Убедитесь, что вы зарегистрированы в качестве владельца IP-адреса и номера AS в одном из следующих реестров:
Если префиксы и номер AS не присвоены вам в предыдущих реестрах, нужно отправить запрос в службу поддержки, чтобы специалисты вручную проверили ваши префиксы и ASN. Им потребуется документация, например доверенность, которая доказывает, что вам разрешено использовать этот префикс.
Вы можете использовать частный номер AS с пирингом Майкрософт, но требуется ручная проверка. Кроме того, Майкрософт удаляет частные номера AS в AS PATH для полученных префиксов. В результате вы не можете добавить частные номера AS в AS PATH, чтобы повлиять на маршрутизацию для пиринга Майкрософт. Кроме того, номера AS 64496–64511, зарезервированные IANA в целях документации, не допускаются в пути.
Внимание
Не объявляйте один и тот же общедоступный IP-маршрут к общедоступному Интернету и через ExpressRoute. Чтобы снизить риск неправильной конфигурации, вызывающей асимметричную маршрутизацию, убедитесь, что IP-адреса NAT, объявленные в Microsoft через ExpressRoute, приходят из диапазона, который вы не рекламируете в Интернете вообще. Убедитесь, что если вы не можете достичь этого условия, вы объявляете более конкретный диапазон через ExpressRoute, чем диапазон на подключении к Интернету. Помимо общедоступного маршрута для NAT, вы также можете объявлять через ExpressRoute общедоступные IP-адреса, используемые серверами в локальной сети, которая взаимодействует с конечными точками Microsoft 365 в Корпорации Майкрософт.
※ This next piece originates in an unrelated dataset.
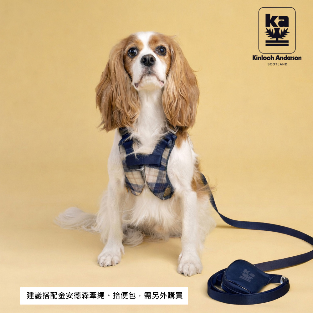 fun舞顏溜色!輕奢皮革會呼吸的寵物減壓格紋胸背帶-海軍藍

Динамический обмен маршрутами
Обмен маршрутизацией выполняется по протоколу eBGP. MSEEs и ваши маршрутизаторы устанавливают сеансы eBGP. Проверка подлинности сеансов BGP не требуется. При необходимости можно настроить хэш MD5. Дополнительные сведения о настройке сеансов BGP см. в разделе "Настройкарабочих процессов маршрутизации и подготовки каналов" и состояний канала.
Номера автономных систем (ASN)
Корпорация Майкрософт использует AS 12076 для общедоступной и частной сетей Azure, а также для пиринга с Майкрософт. Корпорация Майкрософт резервирует ASN от 65 515 до 65 520 для внутреннего использования. ExpressRoute поддерживает как 16-разрядные, так и 32-разрядные номера AS.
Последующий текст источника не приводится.